Three-fourths of the children traveling without an adult come from three Central American countries: Honduras, Guatemala, and El Salvador. According to reports, parents and families are sending children to the U.S. so they can escape violence and poverty. The U.S. federal systems designed to take detained minors through required legal processes have proved inadequate to meet the demands of the recent influx of unprotected children and youth.
In light of the developing humanitarian crisis taking place along the southern U.S. border, the Church of the Nazarene is actively assessing the situation to determine the best ways the church can be involved in meeting the needs of these children.
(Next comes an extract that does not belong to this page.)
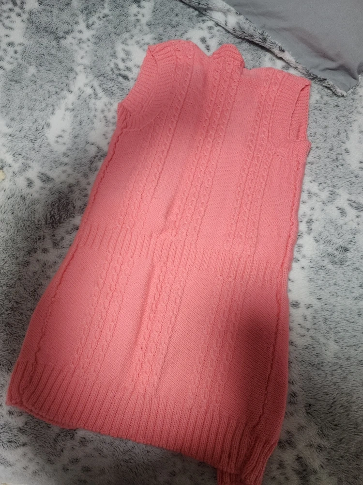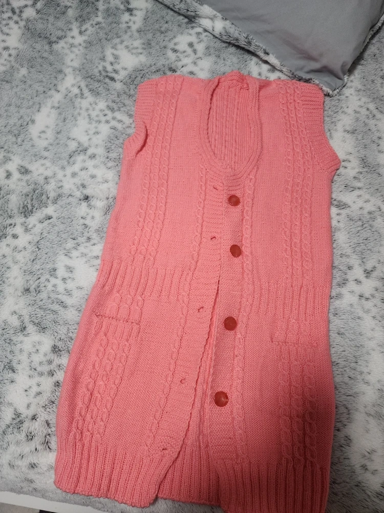 Here's a cute pink knitted sleeveless croshet cardigan! It has a V-neck and button-down front with pockets. Perfect for layering or wearing on its own

The greatest need is creating temporary shelter for the children as they go through the legal system that determines their permanent placement. According to U.S. law, children who are detained at the border must be housed and protected while they go through these judicial proceedings and other legal processes.
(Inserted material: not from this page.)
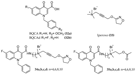 The same approach was applied for exploring the M1 receptor binding pockets. Among several selective M1 allosteric modulators known, the promising group of N-benzyl quinolone carboxylic acids (BQCAs) was selected as positive allosteric moieties of these dualsteric M1 hybrids [59,60]. The BQCA allosteric modulator ((32a), Figure 13) was first described by the Merck laboratory. The compound is a positive allosteric modulator, an allosteric agonist, and exhibits pure subtype selectivity for the M1 receptor: no agonism, antagonism, nor potentiation activity was observed at other mAChRs up to 100 µM. The concentration of ACh which needed to activate the receptor decreased up to 129-fold in the presence of BQCA and an inflection point of 845 nM is reported in the presence of 3 nM ACh. Its allosteric modulation is mediated by the interaction with the residues Y179 and W400, suggesting the binding of BQCA to the "common" allosteric site [84,85]. As an orthosteric fragment, the non-selective superagonist iperoxo ((33), Figure 13) [59] and the endogenous ligand ACh were linked to the BQCA derivative (BQCAd ((32b), Figure 13)) [60]. The two parts were connected by alkylene chains of different lengths (C4, C6, C8, C10) ((34a, b, c, d), Figure 13).

In response, the Church of the Nazarene partnered with the National Latino Evangelical Coalition (NaLEC) and other faith-based organizations to provide temporary shelter through a federal grant for unaccompanied minors. Gabriel Salguero, co-pastor of The Lamb’s Church of the Nazarene in New York City and president of NaLEC, is leading the multi-agency response.
“Our focus is doing ministry with these children while they are in our country,” Salguero said. “These are real children real lives. As a church, we cannot turn our backs on them.”
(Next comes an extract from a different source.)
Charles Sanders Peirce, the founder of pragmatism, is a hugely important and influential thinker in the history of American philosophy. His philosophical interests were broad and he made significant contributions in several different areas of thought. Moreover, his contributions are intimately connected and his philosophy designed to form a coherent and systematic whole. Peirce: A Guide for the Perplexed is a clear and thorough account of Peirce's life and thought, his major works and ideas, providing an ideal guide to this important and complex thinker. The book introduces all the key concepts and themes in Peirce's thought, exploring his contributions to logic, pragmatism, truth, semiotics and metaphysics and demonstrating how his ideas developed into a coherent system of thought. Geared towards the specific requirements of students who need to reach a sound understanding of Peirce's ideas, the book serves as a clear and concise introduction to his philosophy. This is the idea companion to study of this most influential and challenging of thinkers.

As part of the joint project, two Nazarene churches are slated to provide ongoing shelter and care to vulnerable, unaccompanied youth. These churches will create child development centers equipped to give emergency relief to between 25 and 100 children at a time for up to 18 months. The centers will provide shelter, food, clothing, education, counseling, spiritual care, and legal assistance for youth ages 13 to 17.
Joel Tooley, pastor of the Tavares, Florida, Church of the Nazarene, will coordinate the denomination’s multi-faceted response. Tooley confirmed six Nazarene districts are currently involved in direct ministry to children impacted by the border crisis.
“For over a month, leaders have been assessing the complex landscape of this crisis,” he said. “While there are many sensitive issues surrounding this situation, we are reminded that our focus as the church must remain on these vulnerable children.”
The Church of the Nazarene will continue to respond with care for vulnerable minors in the following ways:
Prayer: The U.S. church was invited by its government to participate in the active care of children; this is a significant opportunity for the church to serve with prayer.
Support: Church leaders on the USA/Canada Region are focused on creating temporary child development centers in Florida, New York, Texas, and Arizona. As temporary centers open, opportunities for short-term employment or volunteers may arise. Those who would like to financially support efforts to minister to children caught in this crisis can give through Nazarene Compassionate Ministries.
Advocacy: Church leaders invite U.S. citizens to advocate on behalf of vulnerable children and for reformed immigration laws that reflect biblical values.
The Board of General Superintendents endorsed the efforts of the Evangelical Immigration Table. They are joined by leaders of other denominations and Christian organizations, including Jo Anne Lyon, general superintendent of The Wesleyan Church; Leith Anderson, president of the National Association of Evangelicals; William A. Roberts, national commander of The Salvation Army; Jim Daly, president and CEO of Focus on the Family; Stephan Bauman, president and CEO of World Relief; William Robinson, interim president of the Council for Christian Colleges and Universities; and Daniel F. Flores, president of Sociedad Wesleyana.
“I am confident that our churches will respond appropriately,” said David Busic, Church of the Nazarene general superintendent. “We will open our hearts to anyone who is in need. The Father of the fatherless urges us He compels us to respond to these children with care and compassion.”